Altamira. Llevar energía a más de 2.500 kilómetros de distancia, pasando por tres biomas distintos (la selva amazónica, el Cerrado y la Mata Atlátnica) y todo tipo de obstáculos naturales, es una obra al alcance de muy pocas empresas.

No obstante, la eléctrica estatal china State Grid está a punto de lograrlo, y en menos tiempo del previsto.

De la mano de la compañía Xingu-Rio Transmisora de Energía (XRTE), una filial de State Grid, el proyecto contempla llevar la energía desde la central hidroeléctrica de Belo Monte (estado de Pará, norte de Brasil y en plena Amazonia) hasta Río de Janeiro (sureste), donde se distribuirá la energía por el sureste del país, donde se concentra la mayor parte de la población brasileña.

El proyecto se encuentra en su fase final tras una inversión de unos 9.600 millones de reales (US$2.560 millones).

A pocos kilómetros de la central hidroeléctrica de Belo Monte, una estación transforma los 4.000 megavatios (MW) que llegan de corriente alterna a corriente directa, para evitar pérdidas de la energía a lo largo de los más de 2.500 kilómetros de cables eléctricos de la mayor red de transmisión eléctrica de toda América Latina, y la segunda mayor del mundo.

Las obras han generado cerca de 16.000 puestos de trabajo y 53 canteros de obras.

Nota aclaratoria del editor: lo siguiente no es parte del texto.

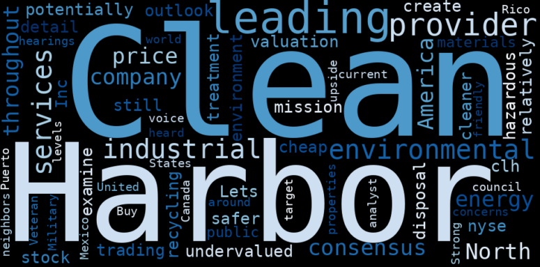 The game is changing. There is a new strategy to evaluate Clean Harbors fundamental value, possible risks and most salient advantages. Investors have traditionally relied in reading large amounts of text to evaluate the fundamental value of a stock or company. However, the development of Artificial Intelligence (AI) tools is modifying the way investments are evaluated in markets. Today, machine learning, natural language processing and bigdata allow making this process automatic, reducing large amounts of text to the elements that have a higher activation in a neural network. We programmed an artificial intelligence that reads the whole internet and the uses natural language processing and vectorizers to summarize the information. Usually, the AI reads several hundred pages and summarize it to a short document. This document presents our results. We found that the most common words in the internet about Clean Harbors are: Clean, Harbors, lead, provider, environmental, industrial, service, …

La línea de transmisión pasa por 78 municipios con cerca de 4.500 torres eléctricas, separadas por una media de 550 metros entre ellas.

"Esta obra llevará un tercio de toda la generación hidroeléctrica de Belo Monte al sureste", explicó a Xinhua el "site manager" de la obra, Francisco Ruiz Neto.

Las obras, que pasan por los estados de Pará, Tocantins, Goiás, Minas Gerais y Río de Janeiro, empezaron en septiembre del año pasado, y aunque la previsión inicial era de finalizarlas en diciembre de 2019, acabarán antes, con unos seis meses de anticipación.

"Es algo inédito en Brasil en una gran obra de infraestructura como ésta", dijo Ruiz.

"Brasil sí que podría hacer una obra así, pero no con esta agresividad y velocidad a la hora de ejecutarla. Las características técnicas de algunos equipamientos, el aporte de recursos, teniendo en cuenta el mal momento económico del país, harían que fuera casi imposible hacer lo que se está haciendo aquí", comentó.

"Los suministradores y los trabajadores obran puntualmente, todo se cumple con el cronograma previsto o incluso antes, porque existe esta agresividad de ejecución de China sin dejar de respetar nuestra legislación laboral, ni ambiental (...) es fundamental esta presencia de China", afirmó el ingeniero.

Las obras han generado cerca de 16.000 puestos de trabajo y 53 canteros de obras. La línea de transmisión pasa por 78 municipios con cerca de 4.500 torres eléctricas, separadas por una media de 550 metros entre ellas.

Ruiz resaltó la importancia que ha tenido China para esta gran obra, en sentido de recursos financieros, equipamientos, personas capacitadas y la tecnología, entre otros.

Las personas capacitadas de China están enseñando y aprendiendo con los brasileños, "conviven con una legislación diferente, principalmente ambiental, pero trabajamos para cumplir los requisitos que el gobierno brasileño exige", destacó el ingeniero brasileño.

De la mano de State Grid, varios trabajadores chinos participan en el proyecto, lo que motivó que brasileños y chinos tuvieran que adaptarse a costumbres distintas, en una relación bilateral en la que ambos lados aprenden y ganan.

"Es un intercambio de culturas", dijo Ruiz, citando la comida, el idioma, el deporte como el baloncesto y la pesca.

"Es una buena relación, interesante, los dos lados aprenden y enseñan. Es una relación bilateral, nadie es mejor que nadie, intercambiamos conocimiento y experiencia", resaltó el ingeniero.

Una de las cosas que más le han sorprendido de la mentalidad china es "la dedicación, la parte de las reglas, es decir, hacer lo que se dijo o fue decidido, es interesante y algo que Brasil necesita aprender, el cumplir los acuerdos de manera ética y correcta", explicó.

State Grid es la mayor empresa eléctrica del mundo, con presencia en los cinco continentes.

En Brasil actúa desde hace ocho años y cuenta con más de 6.500 kilómetros de líneas de transmisión en operación, además de otros 8.500 kilómetros en construcción, participando en un total de 18 concesiones eléctricas.